The UK government risks squandering a “God-given” opportunity to kickstart the economy and accelerate the shift to renewable energy by failing to reform the planning process for big infrastructure projects, the head of Scottish Power has warned.
Keith Anderson, chief executive of Scottish Power, said that almost two years into the energy crisis the government needed to focus on helping companies speed up the development of wind farms that can help replace expensive gas.
“It only takes us two years to physically build an offshore wind farm but the planning process is fundamentally flawed and means it takes us more like 10 years,” Anderson told the Financial Times.
“We have got a God-given project of work in this country that’s ready to go, the money is there,” he said. “It would kickstart the economy after Covid and the gas crisis and spread investment throughout the country, with money filtering down through local supply chains,” he added, describing it as “an absolutely colossal opportunity”.
The assessment from the head of one of the UK’s biggest energy suppliers comes after the National Audit Office this week warned that the newly formed Department of Energy Security and Net Zero was behind schedule in mapping out how to achieve a rapid expansion of offshore wind and nuclear power.
The department and its predecessors had been too focused on mitigating the short-term pain of rocketing energy bills to the detriment of its long-term strategy, the NAO said.

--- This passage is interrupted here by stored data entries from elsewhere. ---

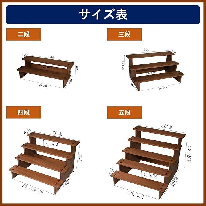 「サイズ」二段:横幅30cmx奥行12cmx高さ10cm、 三段:横幅30cmx奥行18cmx高さ14.5cm、 四段:横幅30cmx奥行24cmx高さ19cm、 五段:横幅30cmx奥行30cmx高さ23.2cm
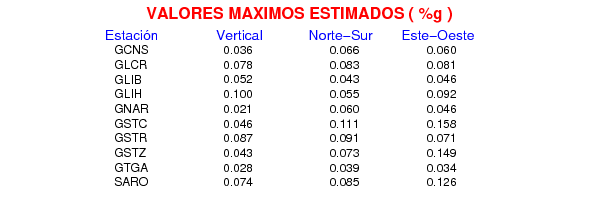 La siguiente tabla muestra los datos de aceleración máxima para cada componente en porcentaje de la aceleración de la gravedad (%g). Estos se obtienen dividiendo el valor del PGA registrado por 980 cm/s2 y multiplicándolo por 100.
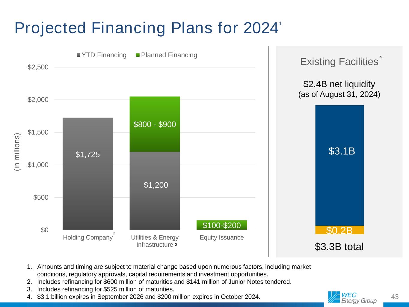 43 Projected Financing Plans for 2024 1 $800 - $900 $100-$200 $0 $500 $1,000 $1,500 $2,000 $2,500 Holding Company Utilities & Energy Infrastructure Equity Issuance (i n m ill io n s ) YTD Financing Planned Financing $1,725 2 1. Amounts and timing are subject to material change based upon numerous factors, including market conditions, regulatory approvals, capital requirements and investment opportunities. 2. Includes refinancing for $600 million of maturities and $141 million of Junior Notes tendered. 3. Includes refinancing for $525 million of maturities. 4. $3.1 billion expires in September 2026 and $200 million expires in October 2024. 3 Existing Facilities $2.4B net liquidity (as of August 31, 2024) $3.1B $0.2B $3.3B total 4 $1,200
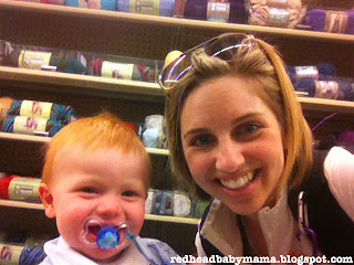 When Red and I went to the hobby store last Friday the 13th, we took a few pictures in the yarn aisle for kicks. In front of the yarn ball KITS. Oh yes, now you, too, can make homemade yarnballs!

Anderson, who was among the first to propose support for customers under a plan that eventually became the government’s energy price guarantee, said he had always cautioned this was just a “sticking plaster” for the immediate crisis and that a more enduring solution to support the vulnerable was needed.
The government needed to speed up the permitting process if it wanted wind power to rapidly replace gas in the system, and accelerate improvements in the network too, he argued.
“The wind farms that are coming online today were approved when [former Labour prime minister] Gordon Brown was in power — that’s a long time ago and we need to be much faster to move beyond this crisis,” Anderson said.
The UK is targeting a more than tripling of offshore wind capacity to 50GW by 2030 as part of its energy security strategy following Russia’s full-scale invasion of Ukraine.
Scottish Power has more than 40 onshore wind farms and is developing several offshore projects in UK waters, including the 1.3GW East Anglia Three project as well as three sites in Scottish waters on which it is partnering with Shell that could produce up to 7GW.
Britain’s large coastline and relatively shallow waters make it one of the best sites for offshore wind developments and it already boasts the world’s biggest active farms.
Anderson conceded that the cost of developing wind farms had risen as the price of commodities such as steel and copper had jumped. But unlike rivals Vestas and Orsted, which have warned they may need to shelve planned projects without additional tax breaks in the government’s March Budget, Anderson was more circumspect.
The next licensing auctions were likely to see higher prices, he cautioned, but wind power would probably remain the cheapest form of new electricity.
“Onshore and offshore wind and solar are still the cheapest form of new electricity capacity for the UK,” he said. “If you look at what’s creating the cost pressure, it’s the rising price of steel and copper — that would affect new-build gas stations, carbon capture or nuclear too.”
The chief executive said he broadly supported the government continuing to cap the typical UK household gas and electricity bill at £2,500 — as is being discussed by chancellor Jeremy Hunt and energy secretary Grant Shapps — given the recent sharp drop in wholesale energy prices.
The government’s price guarantee is slated to rise to £3,000 in April, a move campaigners have warned could double the number of people in fuel poverty. Household bills are expected to fall in the second half of this year as lower wholesale costs feed through.
“Obviously the cost of keeping it at £2,500 has come down massively so there’s a strong argument for doing it,” Anderson said.